If the Fed can’t adjust monetary policy because of fears of transmitting a self-defeating shockwave around the world via the dollar, then there’s understandable concern that artificially low Fed policy just stores up even more debt and international accounting imbalances and undermines the very currency that’s supposed to play anchor.
At the same event in Zurich, Claudio Borio, head of the monetary and economic Department of the BIS, said the dollar’s role could potentially exacerbate instability by allowing the United States to run larger and more persistent fiscal and current account deficits – and to run looser monetary policy for longer.
What’s more, a resulting Fed easing bias spreads to developed and emerging economies as governments resist a weaker dollar for competitiveness or financial stability reasons, Borio added.
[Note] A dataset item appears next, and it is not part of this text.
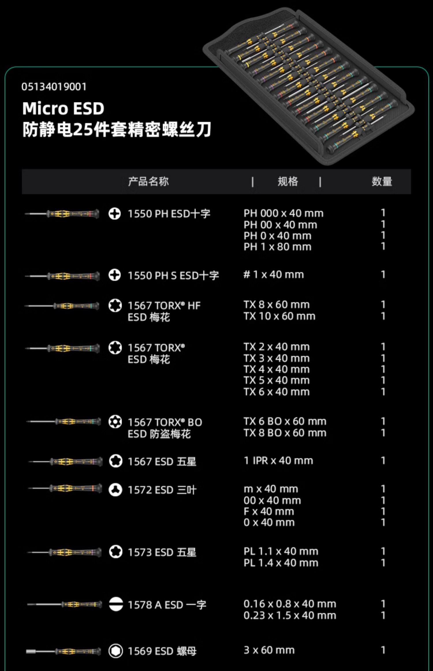 | Modelo de especificación | Universal [Juego de 12 piezas] (073675),Tipo profesional [juego de 12 piezas] (073677),Universal [Juego de 25 piezas] (134000),Tipo profesional antiestático [juego de 25 piezas] (134019),Bolso pequeño conveniente actualizado [juego de 29] (134027),2035 A [Juego de 6 piezas] (118150),2035 B [juego de 6 piezas] (118152),2050 [juego de 6 piezas] (030181),1578A antiestático [juego de 6 piezas] (030170),1550 antiestático [juego de 6 piezas] (030180) |

“Easing begets easing,” he said.
For Morgan Stanley, this is just leads to ever-higher debt, and there are no painless ways out of a problem that will start to hurt significantly over the coming years – only a series of “less painful” options including the option of consolidating debts and making them permanent or perpetual.
In the meantime, the US bank said, the dollar itself will most likely push higher again, if only because the US economy is probably the only one that can absorb a rising exchange rate in this environment.
For Borio, a more ‘pluralistic’ system with many world currencies sharing the reserve role doesn’t by itself solve any problem, either. There would then be no credible single anchor.
Hard-headed cooperation and joint decision making may be the only answer.
“This means not just putting one’s house in order, but also putting our global village in order.”